I've always used Motorola's, had them board mounted so they could be moved from truck to truck. They have a magnetic wired antenna w/ lighter plug. I haven't used them in a few years, but if you go that route you'll need to subscribe to someones repeater w/ tower. Then you usually pay a monthly usage charge, which gives you 2 options...a shared channel w/ other users or a private (your own) but more $$. Mine always worked fine from Downtown Cleveland - Downtown Akron. The only time it's ever an issue is if your too low (like in a valley) or too close to the tower...the signal goes over your head.

If your working together in close proximity, an inexpensive set of CB walkie talkies will generally do fine.


----------



## BOSS LAWN (Nov 6, 2011)

I just recently installed two CB Radios in my 2 plow trucks. They work well for lots that need more than one truck and for highway driving. Haven't got more than 10 miles in signal in the citys, around 20 in the suburbs though. Spent $59.99 on each raido and about $30.00 for each antenna. 

Handheld Walkies and radios are a hassle when trying to operate and drive.


----------



## 2COR517 (Oct 23, 2008)

CB radios are illegal for commercial use. To get good range on a two way, you will need a repeater.


----------



## SharpBlades (Sep 13, 2009)

All my trucks have cobra 29 cb's. They work great for about 4-5 miles. 

The only annoying thing is all the ratchetjaws that have nothing better to do than to sit around on their base stations and annoy people


----------



## SD40T2 (Dec 13, 2007)

.

The only annoying thing is all the ratchetjaws that have nothing better to do than to sit around on their base stations and annoy people[/QUOTE]

I am gonna guess you are around Syracuse. I turn mine off when I go through there


----------



## Brian Young (Aug 13, 2005)

I've looked into many different radio's and to be honest, I've found the little 2-ways work just fine. CB's can be expensive and really only benefit you if you have multiple trucks in a close proximity (within a few miles). The larger 2-way radio's are very expensive and usually need a trunk (repeater system) to make them effective, sometimes you can find a set on e-bay but usually they're junk and in need of repair plus a monthly fee for the system. I guess it would depend on how far away you guys are and how important is communicating, if it's a few times a night then why bother with anything other than the cell, but it does get to be a pita when your trying to tell someone something simple several times a night. We have a couple sets of Cobra something or other and I think they say 24 mile range....yeah right,lol but they do go a few miles if it's fairly flat and no too many obstacles and have charged batteries. I think we paid around 80 bucks for a pair with chargers and battery, these even have a couple NOAA weather bands on it and hands free/voice activated talking.


----------



## Burkartsplow (Nov 1, 2007)

Thanks for all your guys help.

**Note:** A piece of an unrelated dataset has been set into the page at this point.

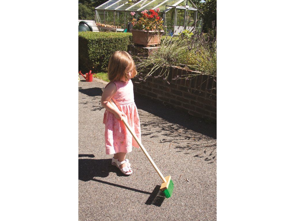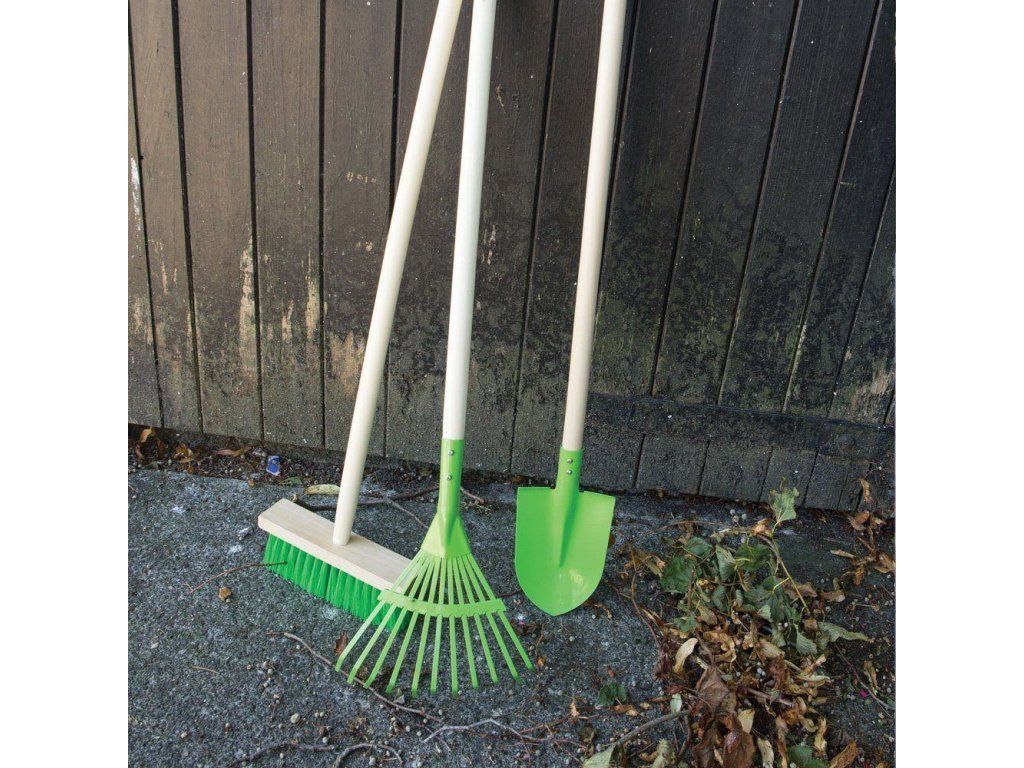 Bigjigs Toys Zahradní metlička s dlouhou násadou zelená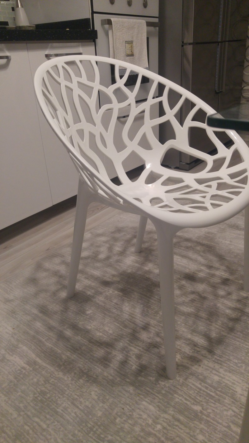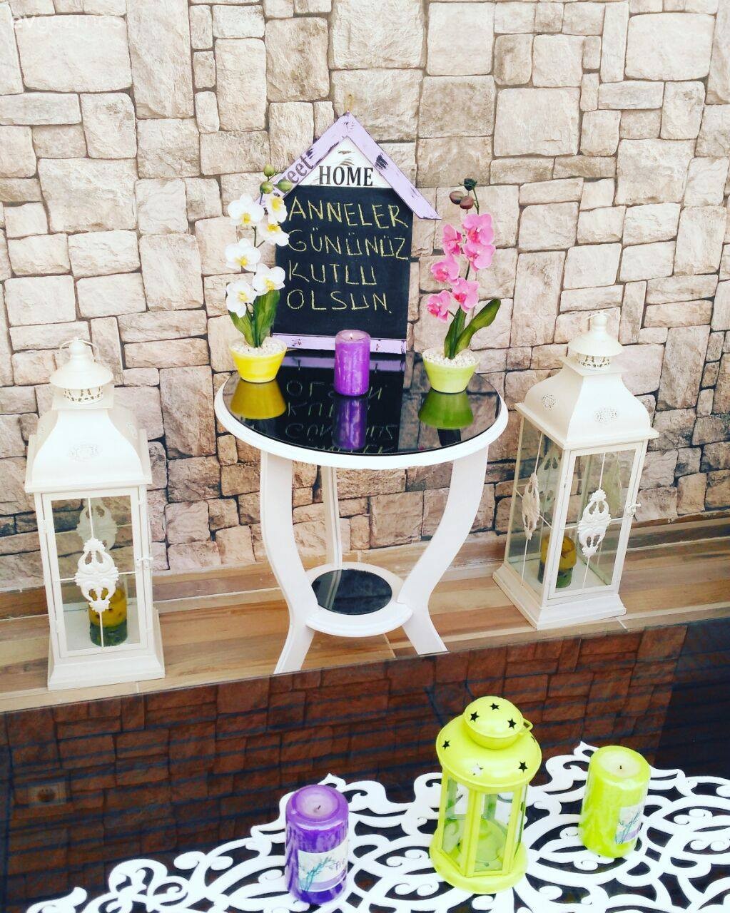 Çok sevdiği mor ve beyaz uyumunu dekorunun odağına taşıyan Dilek hanım, evinin dekorunda sade hatlı mobilya seçimlerini ayna kaplı dekoratif objeler, taşlı aksesuarlar, şamdan, fener, mumluklar ve daha pek çok uyumlu detayla zenginleştirmiş.

I think i am just going to go with a pair of handhelds as if we are to far away I can call, but when we are in the same lots I think these will work perfect. Thanks again.


----------



## coldcoffee (Jul 17, 2008)

I paid a lot of money for my units, which I bought new. Problems were very minimal. I think you have a lot more options now. Independence Excavating was my carrier & to the best of my knowledge, still remains the go to place. Looks like they've grown & expanded a bit over the years, and now apparently have leasing/rental options on a broader range of equipment.

http://www.independencecomm.com/index.htm


----------



## goel (Nov 23, 2010)

Brian Young;1406526 said:


> I've looked into many different radio's and to be honest, I've found the little 2-ways work just fine. CB's can be expensive and really only benefit you if you have multiple trucks in a close proximity (within a few miles). The larger 2-way radio's are very expensive and usually need a trunk (repeater system) to make them effective, sometimes you can find a set on e-bay but usually they're junk and in need of repair plus a monthly fee for the system. I guess it would depend on how far away you guys are and how important is communicating, if it's a few times a night then why bother with anything other than the cell, but it does get to be a pita when your trying to tell someone something simple several times a night. We have a couple sets of Cobra something or other and I think they say 24 mile range....yeah right,lol but they do go a few miles if it's fairly flat and no too many obstacles and have charged batteries. I think we paid around 80 bucks for a pair with chargers and battery, these even have a couple NOAA weather bands on it and hands free/voice activated talking.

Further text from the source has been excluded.